Yes, I know, millennial parents get a bad rap for being overprotective. I can think of many ways in which this is true. Kids need to experience risk, make judgment calls and get hurt so that they can learn their own boundaries and keep themselves safe when they’re out of your care. But using the right car seat and using it properly is not about preventing a skinned knee or hurt feelings. It’s about saving a child’s life or preventing catastrophic injury.
Being overprotective of our children can be problematic, but using car seats correctly is not overprotectiveness. If you decide, as an adult, not to wear your seat belt when you drive, that’s on you. But children deserve to ride in the safest way possible, which is in the back seat, in a properly installed and properly used car seat or booster seat, or in a properly fitting adult seat belt.
2- My kid is the size of an adult: he can sit in the front seat.
How many warning labels do parents see throughout the day? Don’t put your hot coffee in a cup holder right above your child’s head in their stroller! Don’t dive into the kiddie pool! Don’t use the high chair as a car seat! Don’t put your baby in this box! That plastic bag is not a toy!
We see so many of them that it’s hard not to roll our eyes … how stupid do they think we are? I mean, I am distressed that my flat iron must remind me not to try to straighten my eyelashes and that my blow dryer warns me not to use it in the bathtub. In our litigious and in many instances overprotective society, it’s easy to turn a blind eye to those ubiquitous yellow and red warning labels.
So let’s say that you are suddenly blessed with psychic abilities, and you know that you are about to be in an unavoidable collision. The only thing you can control is where you will be seated in the vehicle. Where would you sit?
No matter their age or size, the back seat is the safest spot for passengers. But there are two reasons why all vehicles state that children 12 and under should sit in the back seat:
- Airbags can kill children in otherwise survivable collisions.
- Seat belts are designed for adults—whose bone structures are fully developed and can withstand the force of a seat belt in the event of a collision—not adult-sized children.
When there is a rear seating position available, seat your pre-teen in the back. Your vehicle manual will specify that if a child younger than 13 must sit in the front, the seat should be as far back from the airbag as possible
3- Kids in school buses don’t even have seat belts! (Subtext: So why are we stressing about their car seats?)

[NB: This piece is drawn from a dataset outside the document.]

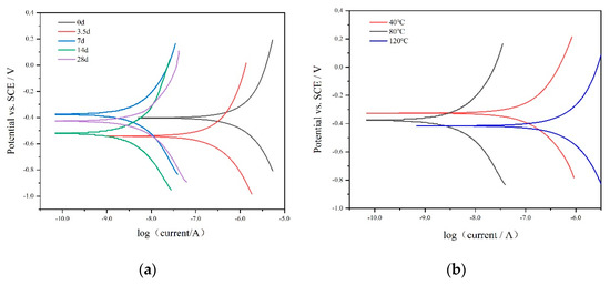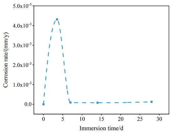 Figure 8 displays the N80 steel polarization curves that were obtained at different immersion periods. The rate of corrosion for the N80 steel sample was determined using the Tafel extrapolation method. Specifically, a linear fit was applied within a linear interval where either the anode or cathode curve exceeded or fell below the corrosion potential by 50 mV. The rate of corrosion was calculated by converting the corrosion current, which was determined at the point of intersection between the straight line and the potential for corrosion. The results of these calculations are provided in Table 3 and Table 4. The calculated values revealed that the corrosion rate gradually decreased within the immersion period of 3.5 days to 14 days, and then accelerated at 28 days (Figure 9). Specifically, the corrosion rates after 3.5 days, 7 days, and 14 days of immersion were 4.31 × 10−3 mm/y, 8.78 × 10−5 mm/y, and 7.54 × 10−5 mm/y, respectively. As a result, the rate of corrosion for the sample declined as the immersion duration increased. One possible explanation for this decrease might be the formation of corrosion products on the material’s surface, which provide protection. Electrochemically, this phenomenon could be explained through resistance polarization. However, by the 28th day, the corrosion rate had slightly increased. There were several factors that could have contributed to this, such as secondary dissolution of the coating of corrosion products and the replacement of Ca and Mg ions, leading to structural damage of the corrosion product layer.

Think about how many motor vehicle wrecks you’ve driven past in your lifetime. Think about all the people you know who’ve been in a collision of some kind in their personal vehicle. In 2015 alone, there were 1,858 motor vehicle fatalities in Canada. In the 10-year span between 1995 and 2004, there were 142 fatalities in school bus collisions, but of those 142 deaths, only 5 victims were school-bus riders. As grim as it might sound, where would you rather be in a collision: in the sedan or on the school bus? [source]
According to Transport Canada:
“School buses are simply the safest way to transport children to school. The size and weight of the vehicle and the safety features designed into it offer substantial protection to bus occupants in a collision. Despite the large number of children transported and the distances travelled, serious injuries and fatalities are very rare. In fact, less than 0.02 per cent of all Canadian road deaths involve an occupant of a school bus.”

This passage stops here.